Total primary energy supply (TPES) in Slovenia was 6.67 Mtoe in 2014. In the same year, electricity consumption was 13.87 TWh.

Contents

Electricity generation is mainly from nuclear power, hydroelectricity (each at 36.5%) and coal (21.6%). Other minor sources include solar PV, biofuels and natural gas. Slovenia has a significant import and export of electricity, with about 16% of the generation as net exports in 2014.

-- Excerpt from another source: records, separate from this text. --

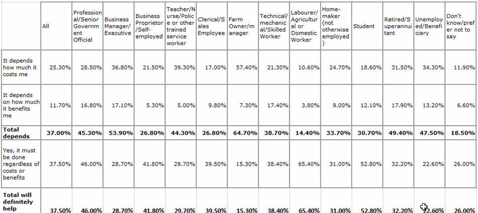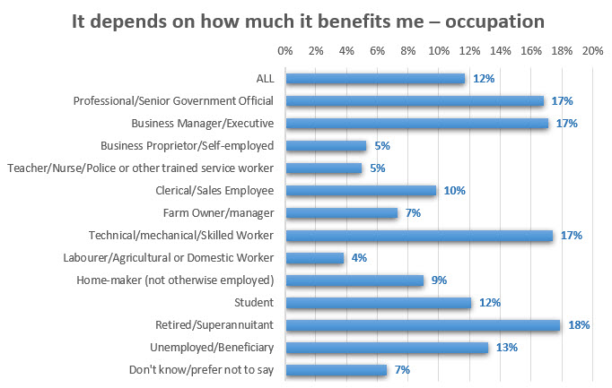 Those most worried about personal benefits to them are business decision makers, professionals, senior government officials, technical mechanical and skiled workers and the retired.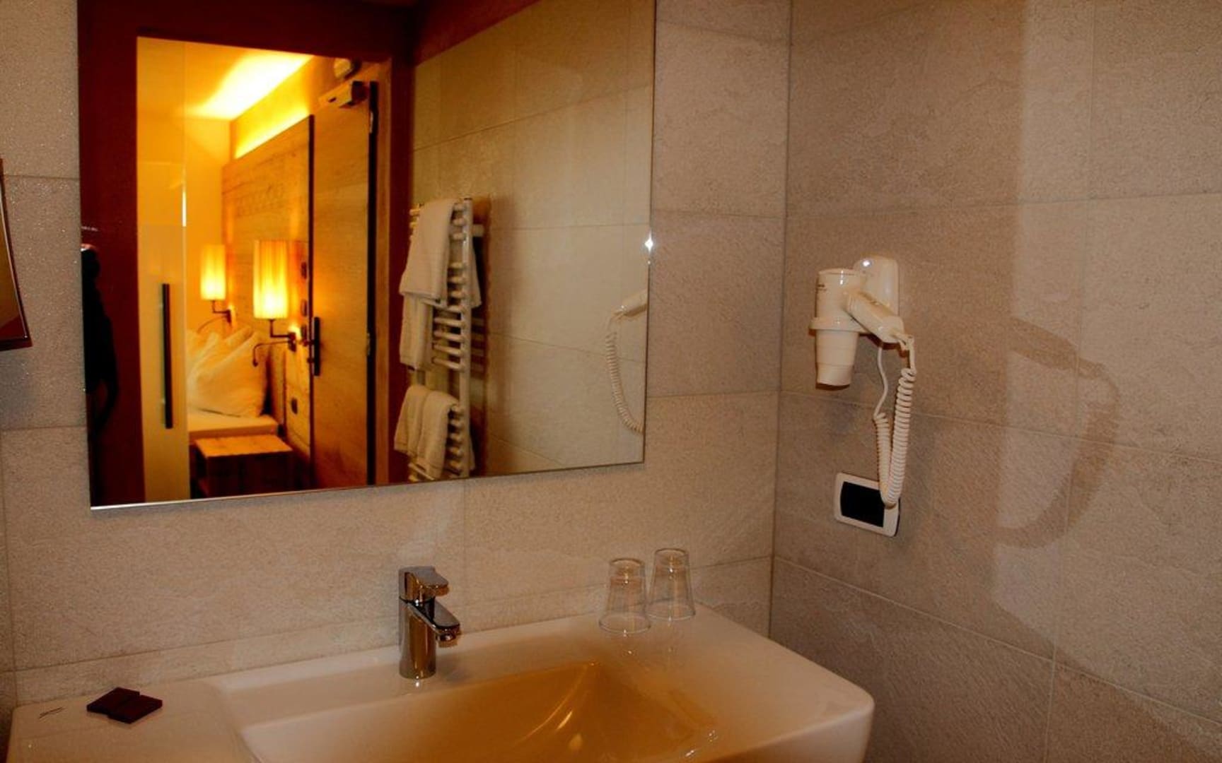 Blick ins benachbarte Badezimmer - hier mit hellen Fliesen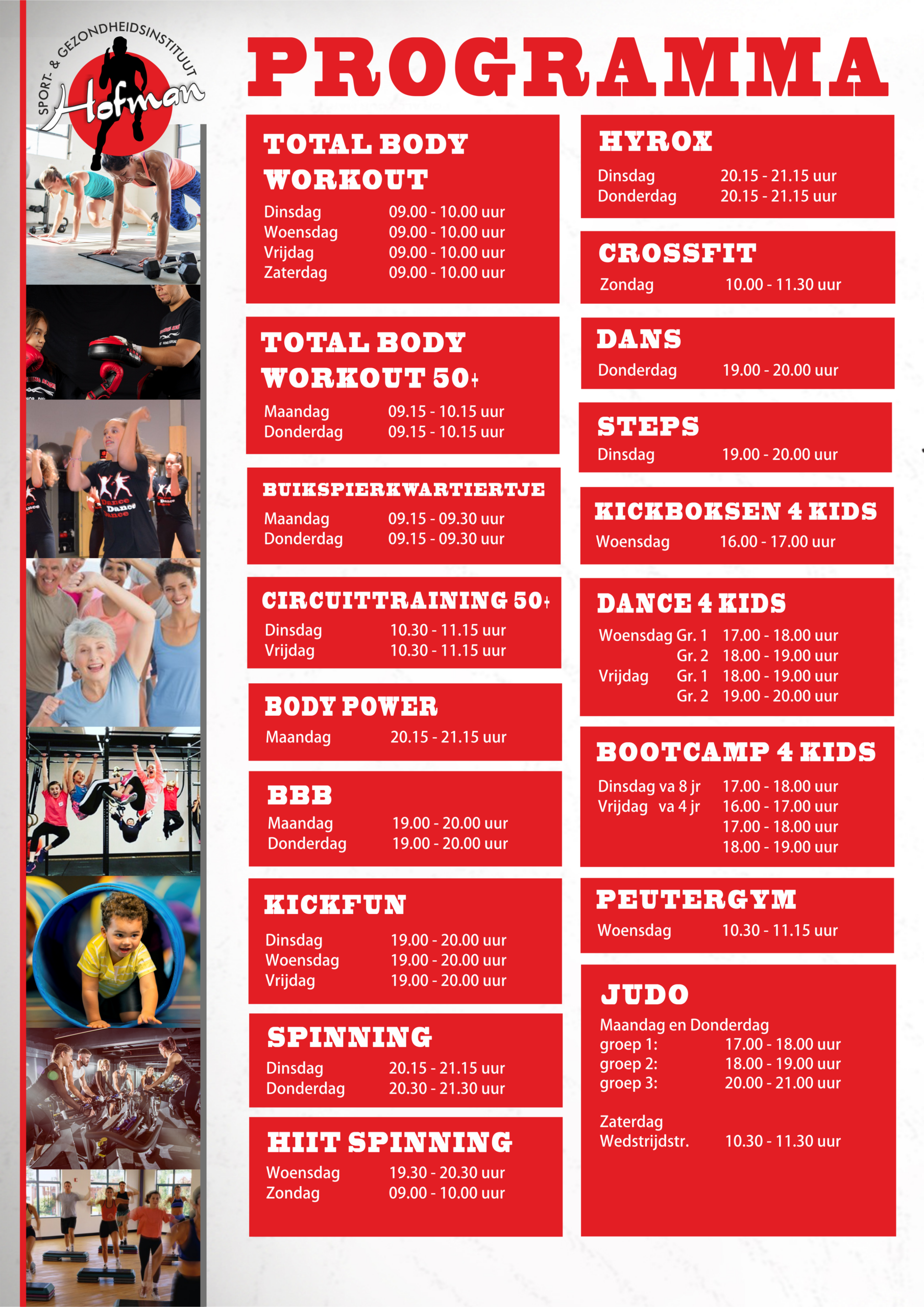 Total Body Workout voor alle leeftijden, Kickboksen, Spinnen, Jumplessen, BBB en nog veel meer. Liever individueel sporten? Ook dat kan in onze uitgebreide fitnessruimte. Wanneer ga jij starten? Ook voor de kids zijn er diverse groepslessen: Bootcamp, Peutergym, Dansen, Jumpen, Judo….

Slovenia is a net energy importer, importing all its oil products (mainly for the transport sector) and natural gas.

Overview

Slovenia imported 49% of its energy use in 2009.

Electricity

In 2008, electricity use per million person in Slovenia was 6.1 TWh compared to Spain 6.0 TWh. or Britain 5.7 TWh.

Renewable energy

In Slovenia's forecast, renewables satisfy about 40% of the country’s electricity consumption in 2020. Slovenia is the EU country with the smallest forecast penetration of wind power in 2020: 1.3% of electricity consumption, while the Irish action plan shows wind meeting over 36% of the country’s electricity demand. Slovenia has intention to cover its EU renewable energy obligations 6.1TWh (2020) mainly with hydro power 5.1 TWh and biomass 0.7 TWh. According to EWEA’s calculations by 2020 wind could cover 6% - 9% of electricity demand. The newly adopted feed-in tariff limiting support to projects of 5 MW and under may be hindering perspectives for wind power development.

Climate change

1990 emissions were 20Mt CO2eq Kyoto protocol target is reduction of 2Mt (-8%).